Brussels — Europe’s economic recovery is gaining pace, with the eurozone’s unemployment level at its lowest since December 2008 and inflation on the rise, official figures showed on Wednesday.
The EU’s official statistics agency said the joblessness rate in the single-currency area fell to 8.5% in February, down from 8.6% in January.
Eurostat said inflation in the eurozone jumped to 1.4% in March, a leap from February’s 1.1%. That edges inflation closer to the European Central Bank’s (ECB) target, although it is still a way off the desired 2.0%. The data are in line with recent statistics that suggest the European economy is growing at a solid pace after years of weak recovery following the debt crisis.
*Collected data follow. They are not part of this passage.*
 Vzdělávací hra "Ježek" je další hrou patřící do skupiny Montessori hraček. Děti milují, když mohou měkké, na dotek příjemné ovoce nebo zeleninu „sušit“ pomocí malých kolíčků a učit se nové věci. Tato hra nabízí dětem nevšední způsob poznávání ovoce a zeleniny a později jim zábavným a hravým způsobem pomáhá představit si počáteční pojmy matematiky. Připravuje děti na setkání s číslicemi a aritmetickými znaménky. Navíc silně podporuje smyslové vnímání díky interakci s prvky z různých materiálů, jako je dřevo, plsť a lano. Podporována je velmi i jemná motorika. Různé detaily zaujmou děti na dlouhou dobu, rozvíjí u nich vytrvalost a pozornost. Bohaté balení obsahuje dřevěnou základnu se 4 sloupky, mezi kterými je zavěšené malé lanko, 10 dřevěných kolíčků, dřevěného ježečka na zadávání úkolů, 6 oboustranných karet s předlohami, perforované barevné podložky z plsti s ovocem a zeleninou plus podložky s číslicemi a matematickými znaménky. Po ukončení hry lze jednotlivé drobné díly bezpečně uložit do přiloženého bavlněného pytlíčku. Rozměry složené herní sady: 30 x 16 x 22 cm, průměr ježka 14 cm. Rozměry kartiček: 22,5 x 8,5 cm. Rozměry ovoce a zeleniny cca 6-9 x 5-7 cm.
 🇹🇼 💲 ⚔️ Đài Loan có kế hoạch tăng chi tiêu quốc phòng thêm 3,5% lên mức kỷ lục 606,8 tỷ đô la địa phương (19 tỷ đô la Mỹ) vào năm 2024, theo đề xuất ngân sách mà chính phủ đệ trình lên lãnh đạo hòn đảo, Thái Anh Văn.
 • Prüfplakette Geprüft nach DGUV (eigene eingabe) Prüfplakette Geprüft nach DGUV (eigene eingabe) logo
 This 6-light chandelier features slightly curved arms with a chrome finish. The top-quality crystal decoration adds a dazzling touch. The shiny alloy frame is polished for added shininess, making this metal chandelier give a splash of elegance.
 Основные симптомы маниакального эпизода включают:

The steady decline in joblessness comes on the back of three years of massive support from the ECB to help the 19-country single-currency zone survive the eurozone debt crisis.
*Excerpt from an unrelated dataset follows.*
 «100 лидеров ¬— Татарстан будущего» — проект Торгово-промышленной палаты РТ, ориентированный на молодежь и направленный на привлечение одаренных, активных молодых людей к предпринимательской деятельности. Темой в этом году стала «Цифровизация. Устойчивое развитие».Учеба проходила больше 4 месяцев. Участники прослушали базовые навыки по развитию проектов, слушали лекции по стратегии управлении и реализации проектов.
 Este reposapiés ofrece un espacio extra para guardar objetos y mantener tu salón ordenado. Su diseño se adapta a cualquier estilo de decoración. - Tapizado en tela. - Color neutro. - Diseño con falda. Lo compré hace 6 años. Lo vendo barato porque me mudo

The ECB has bought more than €2-trillion worth of bonds during that time, helping trigger growth but struggling to push inflation towards its 2.0% goal.
In a sign of growing confidence in the zone’s recovery, the ECB dropped a long-standing pledge in March that it was ready to ratchet up bond-buying if needed, taking a small step towards the stimulus exit door.
But inflation remains well below the central bank’s 2.0% target, which may give ECB head Mario Draghi second thoughts about turning the stimulus off completely in 2018.
"The ECB will tread very cautiously in raising interest rates," said economist Jessica Hinds of Capital Economics. "We have pencilled in the first hike for September 2019, later than investors seem to expect."
There were also regional differences in unemployment, which remained high in Greece at 20.8% in December, the last month for which figures were available, Spain at 16.1% and Italy at 10.9%. German unemployment remained super-low at 3.5% in February, with the Netherlands dropping to 4.1%. The youth joblessness rate was also trending downwards. In February, youth unemployment was 17.7% in the euro area, down from 19.4% in February 2017.
But rates for people under 25 years old remained high in Spain at 35.5% in February, down from 40.8% a year earlier, and in Italy at 32.8%, down from 35.2% in February 2017. Greece’s rate was 45% in December 2017, the last month for which youth figures were available, down from 46.7% in February 2017.
"The level of youth unemployment in a number of countries is unacceptably high," European Commission deputy spokesman Alexander Winterstein told reporters.
"It will not induce young people to be enthusiastic about Europe," he said when asked if it could hurt during national elections and in European Parliament elections in 2019.
During the worst of the debt crisis in 2013, eurozone unemployment reached a record 12.1%. Since then, the economic situation has slowly improved, but unemployment remains much higher than the average rate before the crisis, when it was 7.5%.
Economic growth in the 19-country eurozone hit 2.3% in 2017, the highest level in a decade.